Is it all too complicated?
Is a brand simply something that is there when you need it, at the right “investment” cost, that you trust to deliver, and for which you have little affinity except for those reasons? Loyalty isn’t a key determinent in this process – but just the tendency to buy the same brands or products is.
Doug Garnett provides a sharp analysis in his post Humanity, Humility, Statistics & Brands. Thoughts About “How Brands Grow” by Byron Sharp. He also hits out at social media:
New media theorists seem think that a consumer loves nothing more than to spend their life searching for brand related content on Facebook while trying to learn the latest social media engine. Truth is that we spend a lot more time thinking about other things (like family, work, money, vacation, …) and don’t think about brands all that often.
According to Garnett, Sharp finds that:
- brands don’t become big on the sales of their most committed customers. Rather, big brands are big because a lot of people buy a little from them;
- statistics show the 80/20 rule is wrong. This rule suggests that 80% of revenue comes from 20% of customers. Research shows that isn’t true;
- statistics show that what most marketers think of as “consumer loyalty” is non-existent. What consumers do is simply have a tendency to buy from a few brands.
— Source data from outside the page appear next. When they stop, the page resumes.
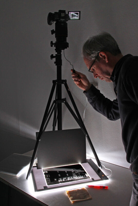 Steffen Burgemeister fotografiert eine Negativ-Glasplatte ab, um das Foto digital speichern und bearbeiten zu können.
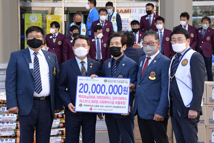 국제라이온스협회 355-B3(전남동부)지구 여수 1.2.3지역 회원들이 코로나19로 지역대회를 취소하고 어려운 이웃을 위해 2000만 원 상당의 후원물품을 여수시에 전달했다.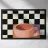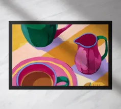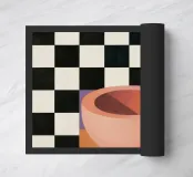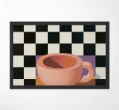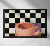 Una semplice natura morta di una tazza di caffè rosa su una superficie a scacchiera in bianco e nero, su uno sfondo neutro, che mette in risalto forma e modello.
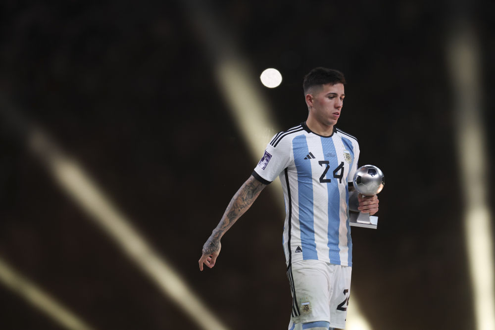 获得卡塔尔世界杯最佳新秀奖的阿根廷队球员恩佐·费尔南德斯在颁奖仪式上。新华社记者 李明 摄
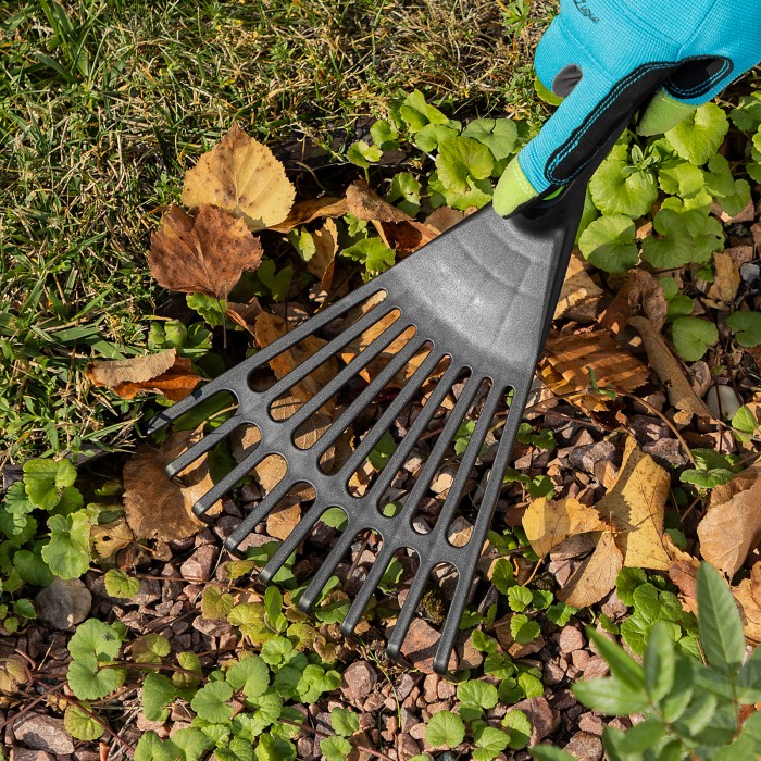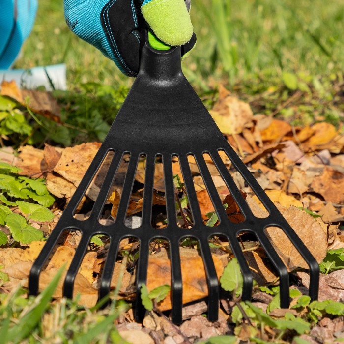 Веерные 9-зубые грабли Palisad NYLON 62395 размером 175 х 350 мм, пластиковые, используются для выполнения мелких садово-огородных работ. Благодаря 9 упругим зубьям с плоским профилем они оптимальны для сбора мелкого мусора и срезанных отростков в цветниках и на грядках.ПреимуществаПрочность и долговечность — грабли изготовлены из эластичного полипропилена, не подверженного действию ультрафиолета.Комфортная работа — рукоятка с упором для пальца удобно ложится в ладонь.Удобное хранение — отверстие в рукоятке позволяет подвешивать грабли на крючок или гвоздь.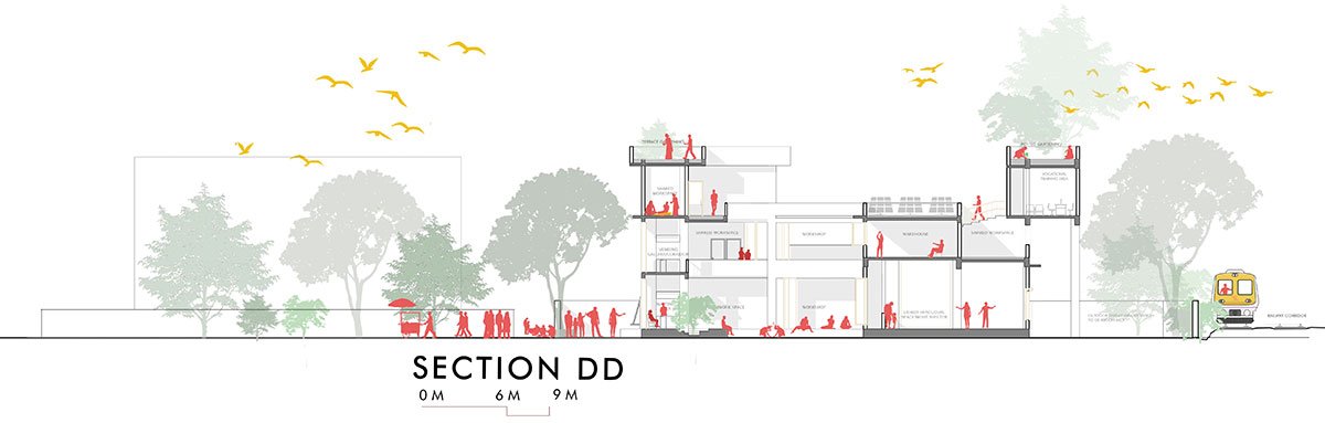 Internal conversions, like folding partitions, maximize space utilization, comfort, and user preferences. Through plug-in programmes run by NGOs, participants can use their existing skills and pick up new ones in this building. These initiatives support the shelter’s broad concept by providing crash courses, subsidised benefits, and facilitated buying-selling relationships within the building.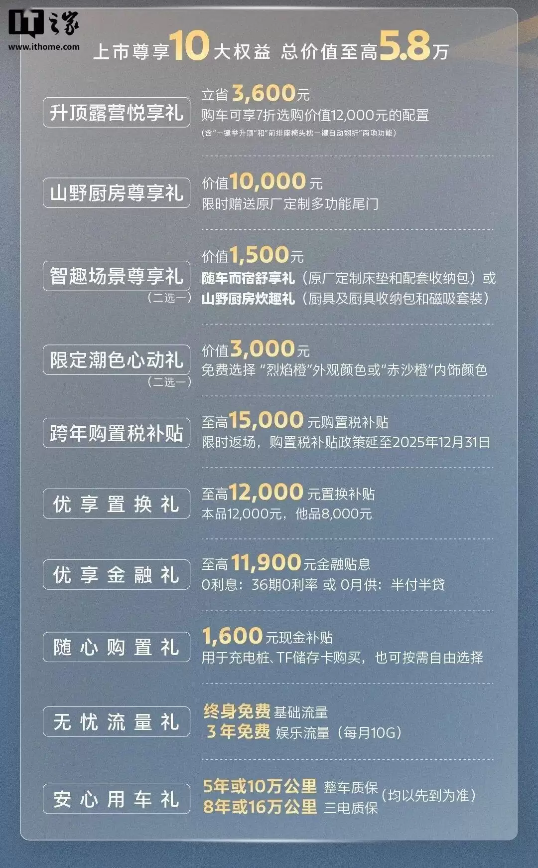 为了回馈广大消费者,福特智慧烈马还推出了10大上市权益,包括限时赠送原厂定制多功能尾门、限定内饰、至高1.5万元购置税补贴、至高1.2万元置换补贴、1600元现金补贴、5年或10万公里整车质保、8年或16万公里三电质保等,让用户在购车过程中享受到更多的实惠和保障。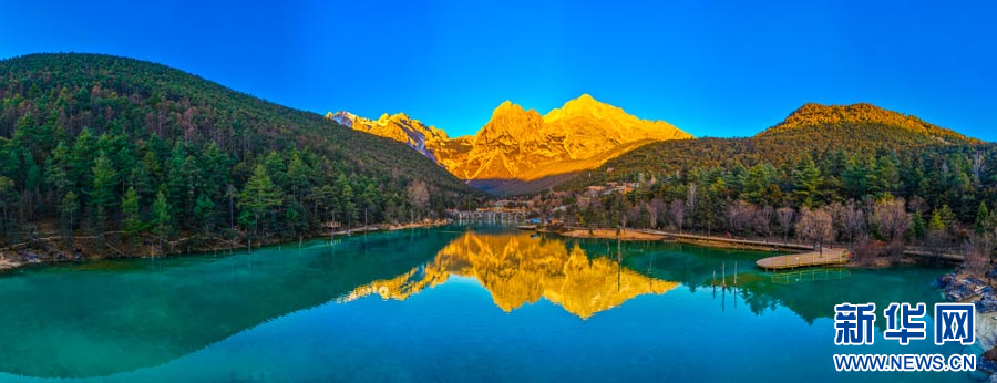 近日,摄影师在云南省丽江市蓝月谷,拍摄到了玉龙雪山“日照金山”美景。蔚蓝的湖水与金色的雪山同框,冷暖色调在大自然笔下完美交融。(完)(徐俊 韩学海)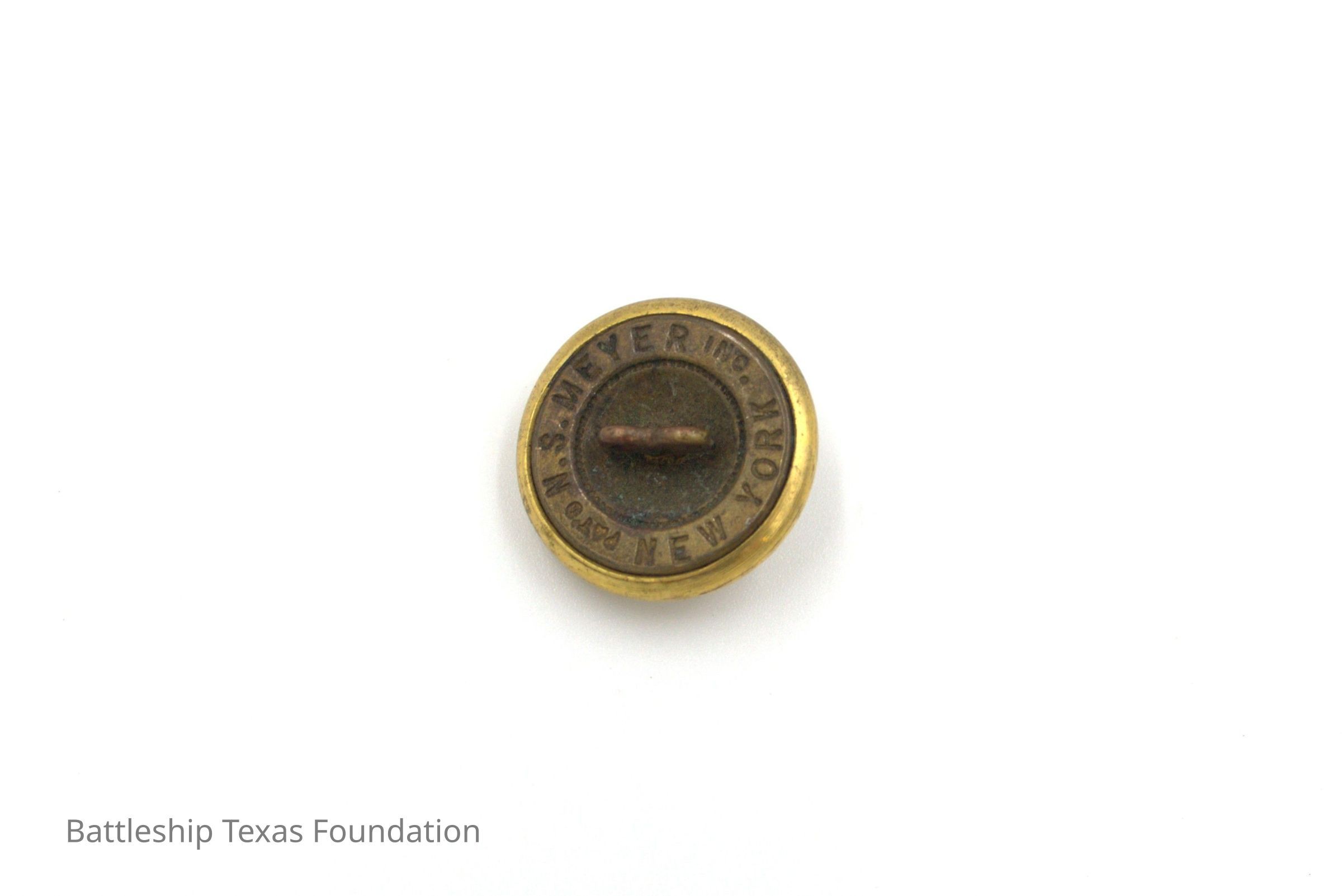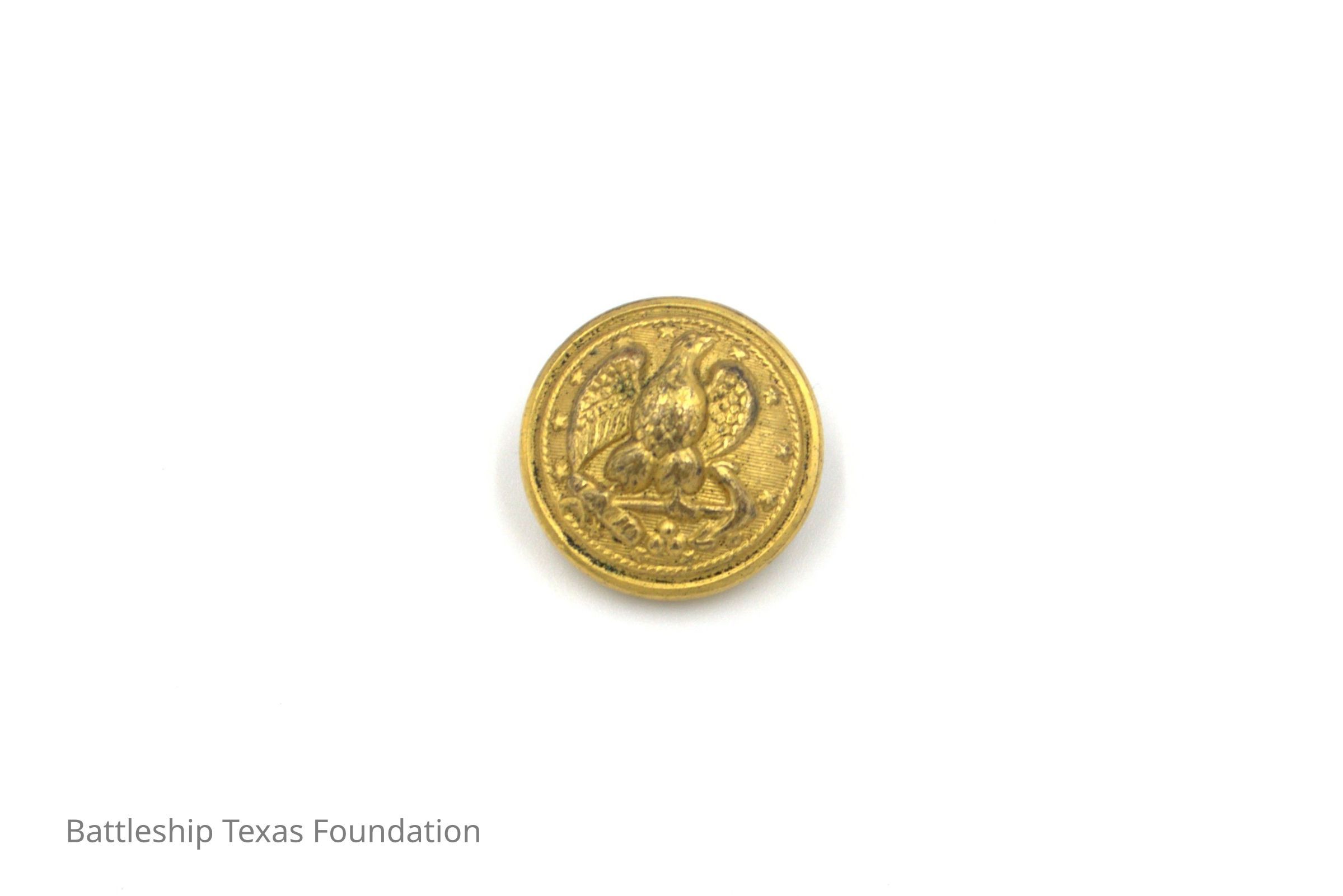 One of fifty-two individual gold buttons owned by Charles R. Pratt as spares for his USN overcoats. Button features an eagle perched on an anchor on the front. Button made by N.S. Meyers in New York.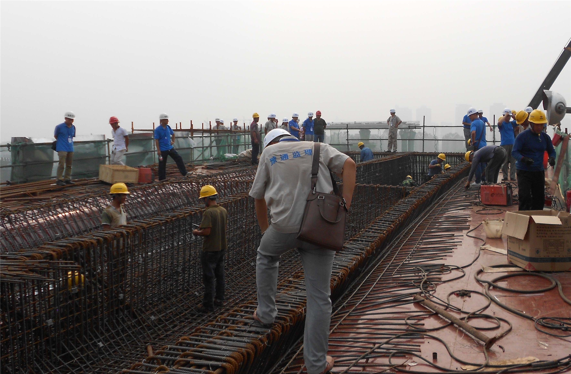 會(huì)議分現(xiàn)場(chǎng)觀摩和內(nèi)部總結(jié)兩部分進(jìn)行。會(huì)議伊始,由本工程項(xiàng)目總監(jiān)理工程師張永福同志帶領(lǐng)參會(huì)人員對(duì)現(xiàn)場(chǎng)的施工規(guī)模、重難點(diǎn)及工程質(zhì)量、安全文明施工等進(jìn)行詳細(xì)介紹,各位就現(xiàn)場(chǎng)各種問題進(jìn)行交流學(xué)習(xí)。

Those insights are based on deep and wide statistical analysis.
To me, as a simple person on the street, those insights and Garnett’s comments all ring true. That’s why I recommend reading his post.
How can we apply these insights to social business?
There’s no doubt about the ROI success of businesses becoming more social – there are numerous and well-known examples. It also makes “human” sense that this works. Not because people are buying “brands” but because they are getting responsiveness, convenience and their tendency to keep buying is reinforced.
But isn’t the buying cycle and buying behaviour changing?
Economists are reknown for basing predictions on past behaviour, and therefore often getting it completely wrong e.g. the GFC. Is this research and the book likely to suffer from the same problem? Are we in a completely new era – shaped by online and digital? It could be. That’s a potential concern in marketers taking the past analysis too far – how much have things really changed?
What does this mean for social business?
Let’s say things aren’t going to change all that much.
What does that mean for “social business” which is something for which Doug Garnett appears to have little time? Could it mean that the essence of social business is really just about customer service? Being responsive, being perceived as trustworthy – and at its most basic that’s about delivery -and having a little edge in maintaining the “tendency” to buy?
Doug Garnett is an insightful guy, you might also find his Shelf Potato blog worth reading for its pragmatic advertising and brand advice.
Do you think that there is more to social business than just great customer service?